Savitt brought up emails where Musk had backed efforts by Tesla and his brain interface firm, Neuralink, to poach employees from OpenAI while he was still on that company’s board. Another conversation focused on his efforts to hire OpenAI leaders when he left the board in 2018, including Andrej Karpathy, who departed OpenAI to lead self-driving work at Tesla. Musk was also asked about a conversation where Zillis suggested Musk recruit Sutskever to Tesla.
The most consequential thread of the day, though, may have been about harm prevention. Part of Musk’s case rests on the idea that OpenAI transition into a traditional corporation is dangerous to society because it reduces the company’s focus on safety. Savitt, in turn, had Musk admit that all AI companies, including his own, suffer from this risk.
Judge Gonzalez Rogers halted that line of questioning, but in remarks to the lawyers after testimony concluded made clear it would resume, with limits.
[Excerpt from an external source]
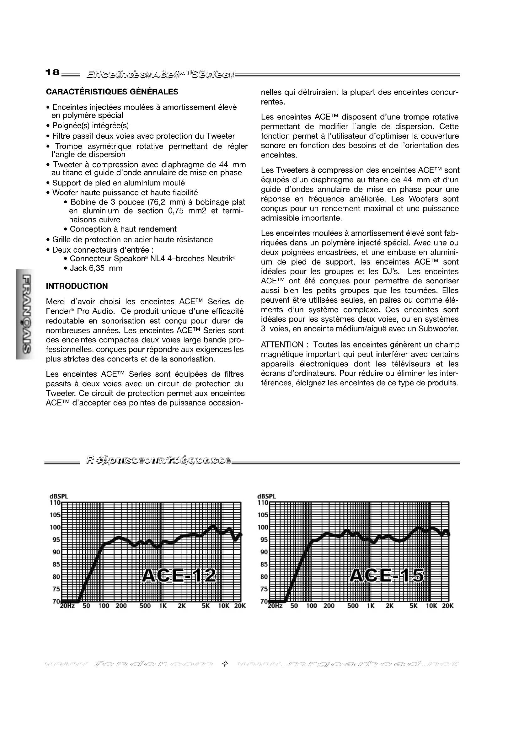 peuvent délivrer des niveaux sonores élevés pouvant causer de dommages auditifs temporaires ou permanents. Soyez très prudents avec les volumes sonores générés lors de l’utilisation. Mises en gardes générales : ∆ Veillez à toujours placer les câbles d’enceintes de sorte que personne ne puisse trébucher dans les câbles. Le fait de trébucher dans les câbles peut renverser ou faire tomber les enceintes, ce qui présente un risque important d’accident et de dommages aux enceintes. ∆ Du fait du niveau sonore élevé généré par ces enceintes, elles ont tendance à se déplacer lorsqu’elles sont posées sur une surface lisse, polie ou glissante. Assurez-vous que les enceintes ne puissent pas tomber lorsqu’elles sont posées sur de telles surfaces (scène, tables, etc.). ∆ Veillez à n’introduire aucun objet dans les évents des enceintes ACE (situés de chaque côté du Tweeter). Empilage des enceintes ACE : ∆ Ne pas empiler plus de deux enceintes. ∆ Les enceintes empilées doivent être fixées ensemble ou sanglées de façon efficace et ancrées à la scène pour éviter de tomber. ∆ Vérifiez toujours que les enceintes sont placées sur une surface stable. La surface doit être rigide, plate et de niveau. ∆ Vérifiez toujours que les enceintes empilées sont correctement alignées. Les pieds de l’enceinte supérieure doivent correspondre parfaitement aux encoches de fixation supérieures de l’enceinte inférieure. ∆ Placez les enceintes de façon à ce que le public, les musiciens ou les personnels de scène ne puissent pas y accéder (risque de chute). ∆ Ne laisser personne se pencher ou monter sur les enceintes. ∆ Les enfants ne doivent pas être autorisés à accéder aux enceintes empilées. ∆ Lors des utilisations en extérieur, assurez-vous que le vent ne puisse pas renverser les enceintes. Lorsque vous montez les enceintes ACE sur pieds : ∆ Assurez-vous que le pied est installé sur une surface stable. La surface doit être rigide, plate et de niveau. ∆ Les pieds du trépied de support d’enceinte doivent être complètement déployés et doivent être orientés pour que personne ne puisse trébucher. ∆ Lisez et respectez toutes les consignes de sécurité fournies par le fabricant du pied. ∆ Consultez les caractéristiques des pieds de support et contrôlez le poids de charge maximum. Assurez-vous que les pieds peuvent supporter le poids de l’enceinte. Ne jamais monter plusieurs enceintes sur un pied prévu pour une seule enceinte. ∆ Pour les applications en extérieur, prenez des précautions supplémentaires pour assurer la stabilité de l’assemblage. Des sacs de sable posés sur les pieds peuvent renforcer la stabilité de l’ensemble. Consignes de Sécurité ImportantesQuesto simbolo avverte l’utente della presenza di voltaggio pericoloso all’interno del prodotto. Questo simbolo invita l’utente a consultare tutta la documentazione che accompagna il prodotto, per un suo utilizzo in sicurezza. ∆ Leggere attentamente e conservare il manuale, seguendone ogni istruzione. Prestare attenzione ad ogni avvertenza. ∆ ATTENZIONE: Onde prevenire eventuali danni, l’unità dev’essere posizionata/fissata sul pavimento o a parete seguendo le istruzioni per l’installazione. ∆ ATTENZIONE: L’installazione di diffusori in sistemi sospesi può rappresentare un rischio per le persone, perciò dev’essere effettuata unicamente da parte da installatori qualificati, esperti e coperti da assicurazione. ∆ ATTENZIONE: La durata del periodo di vita dell’unità dipende sostanzialmente dal modo in cui questa viene utilizzata. L’utente dovrà controllare periodicamente che il continuo utilizzo non abbia indebolito la struttura del cabinet, ispezionando anche le varie giunture fissate mediante colla adesiva e/o viti. ∆ ATTENZIONE: Onde prevenire il rischio di fuoco e shock elettrico, non esporre questa unit alla pioggia o all’umidit . ∆ L'unità deve essere posizionata in un luogo lontano da fonti di calore (come caloriferi, stufe o altre apparecchiature che producono calore). ∆ Utilizzare esclusivamente carrelli o supporti specificati dal costruttore. ∆ Ogni riparazione deve essere effettuata da personale qualificato. In condizioni operative normali, l’assistenza è richiesta quando: l'unità non funziona o mostra un evidente deterioramento delle prestazioni; quando l'unità risulta danneggiata; del liquido o degli oggetti sono caduti all’interno; l’unità è stata esposta all’umidità o alla pioggia; l’unità non funziona correttamente oppure è caduta; il cabinet è danneggiato. ∆ Non far gocciolare o schizzare alcun liquido sull’unità; non posizionare sull’unità oggetti contenenti liquido, come vasi o bicchieri. ∆ ATTENZIONE: L’unità non contiene al suo interno parti utilizzabili dall’utente; ogni riparazione và effettuata solo da personale qualificato. ∆ I sistemi di diffusione Fender
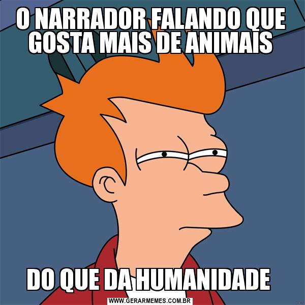 O NARRADOR FALANDO QUE GOSTA MAIS DE ANIMAIS DO QUE DA HUMANIDADE

When Musk’s lawyers floated questions about ChatGPT’s role in the Tumbler Ridge shooting—an incident earlier this year in Canada in which a person went on a killing spree after extensive conversations with the chatbot—she made clear that she didn’t want to hear about scandals caused by AI models, but that xAI and OpenAI’s approaches to safety were fair game.
Musk returns Thursday for another round of adversarial questioning. Also expected to testify are his family office manager, Jared Birchall; AI safety expert Stuart Russell; and OpenAI president Greg Brockman.
Correction: An earlier version of this story misstated details of the Tumbler Ridge shooting due to an editing error. It has been updated.